■ **Instructions for the task**
Exact copy, no pictures: return only the lines below from the line with "淘宝进入->自动弹出0.8亓话费券->联通或电信可0.2充1亓话费。" up to and including the line with "Big Men's Hawaiian".

■ **Stored items**
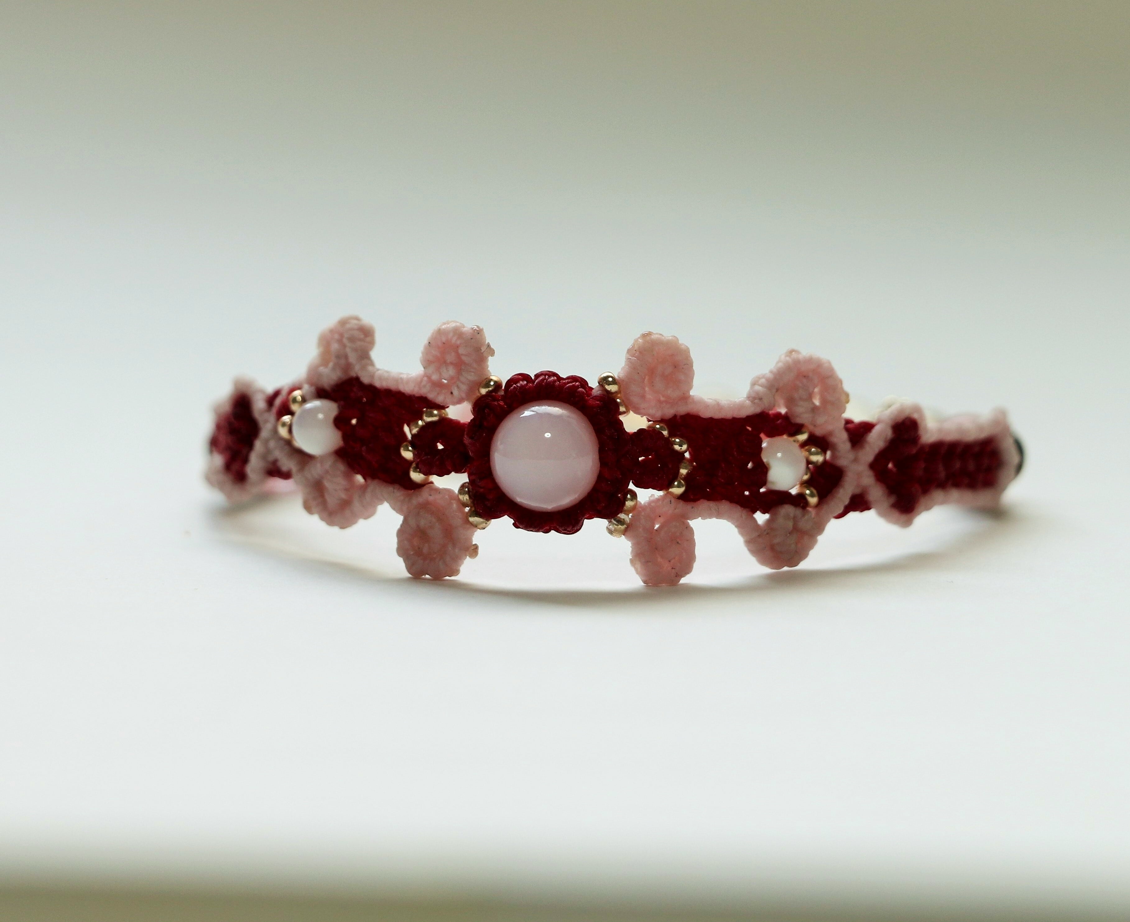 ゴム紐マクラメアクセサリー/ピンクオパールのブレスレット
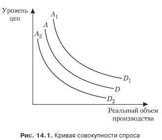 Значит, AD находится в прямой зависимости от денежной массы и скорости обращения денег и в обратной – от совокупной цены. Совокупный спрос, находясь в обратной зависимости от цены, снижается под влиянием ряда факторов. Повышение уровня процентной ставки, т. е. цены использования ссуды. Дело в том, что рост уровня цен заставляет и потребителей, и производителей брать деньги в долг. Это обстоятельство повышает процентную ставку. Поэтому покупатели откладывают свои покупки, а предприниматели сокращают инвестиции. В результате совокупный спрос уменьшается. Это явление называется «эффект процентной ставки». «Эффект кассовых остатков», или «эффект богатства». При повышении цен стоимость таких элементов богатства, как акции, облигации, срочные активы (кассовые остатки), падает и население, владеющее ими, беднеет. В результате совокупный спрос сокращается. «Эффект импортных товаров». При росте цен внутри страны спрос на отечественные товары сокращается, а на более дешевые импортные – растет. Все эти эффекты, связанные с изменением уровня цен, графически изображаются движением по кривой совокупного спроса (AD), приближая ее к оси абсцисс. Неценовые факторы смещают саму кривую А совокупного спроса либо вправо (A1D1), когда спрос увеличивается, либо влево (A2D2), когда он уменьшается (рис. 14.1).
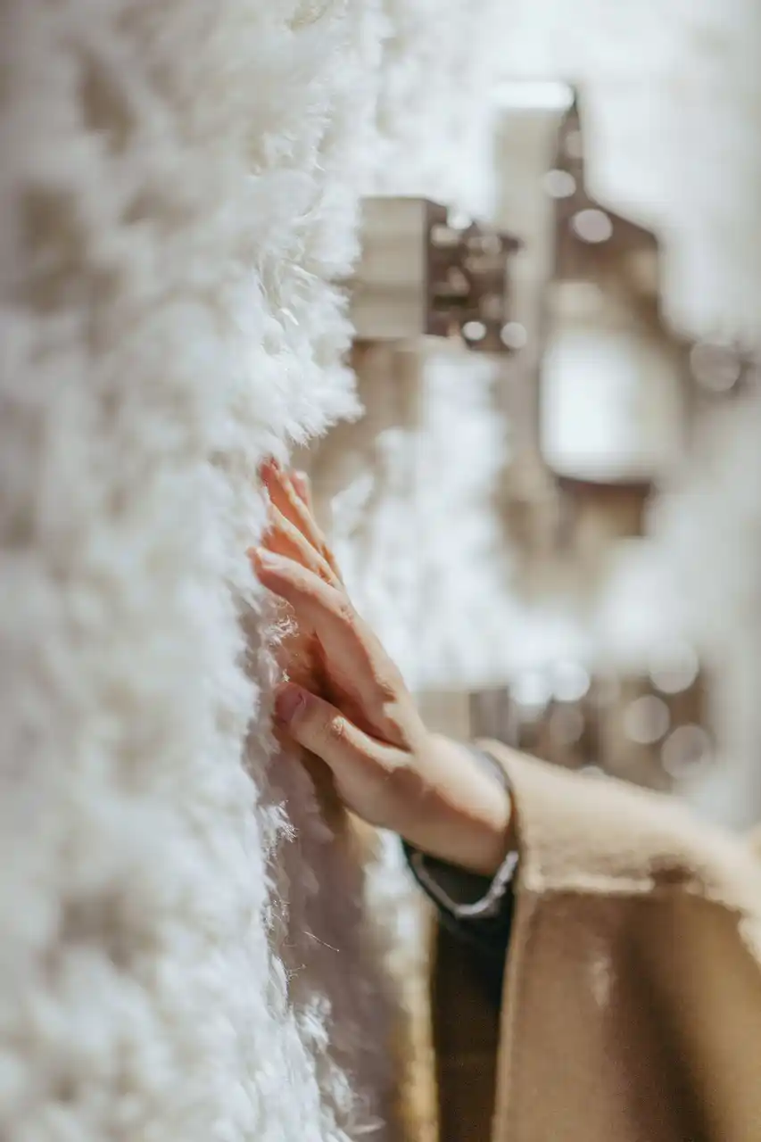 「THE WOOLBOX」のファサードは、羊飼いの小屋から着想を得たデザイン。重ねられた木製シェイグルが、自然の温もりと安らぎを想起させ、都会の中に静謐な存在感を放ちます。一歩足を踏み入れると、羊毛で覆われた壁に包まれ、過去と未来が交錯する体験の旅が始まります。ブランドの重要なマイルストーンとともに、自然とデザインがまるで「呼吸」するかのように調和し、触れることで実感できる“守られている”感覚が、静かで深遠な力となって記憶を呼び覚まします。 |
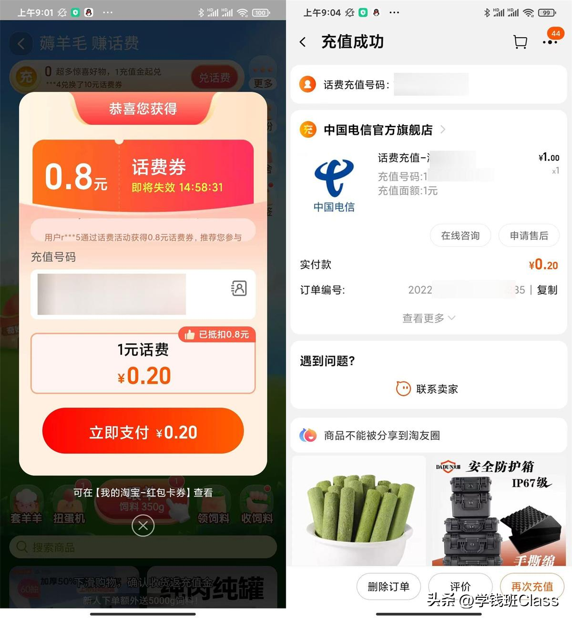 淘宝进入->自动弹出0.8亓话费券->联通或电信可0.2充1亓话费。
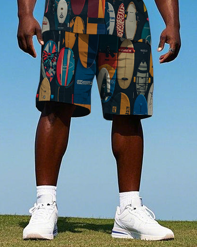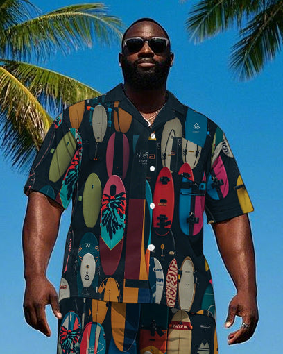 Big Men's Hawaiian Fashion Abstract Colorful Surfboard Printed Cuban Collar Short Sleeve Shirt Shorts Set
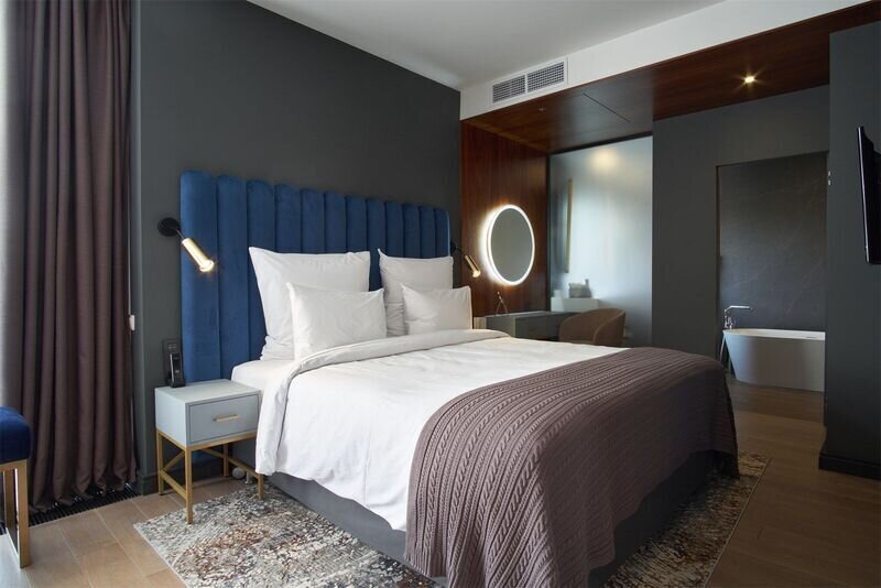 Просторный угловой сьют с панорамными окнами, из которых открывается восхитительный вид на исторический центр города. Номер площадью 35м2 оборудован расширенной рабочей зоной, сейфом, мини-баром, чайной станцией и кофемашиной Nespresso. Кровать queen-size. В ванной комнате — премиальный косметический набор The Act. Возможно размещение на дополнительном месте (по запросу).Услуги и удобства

■ **Answer below**
 淘宝进入->自动弹出0.8亓话费券->联通或电信可0.2充1亓话费。
 Big Men's Hawaiian Fashion Abstract Colorful Surfboard Printed Cuban Collar Short Sleeve Shirt Shorts Set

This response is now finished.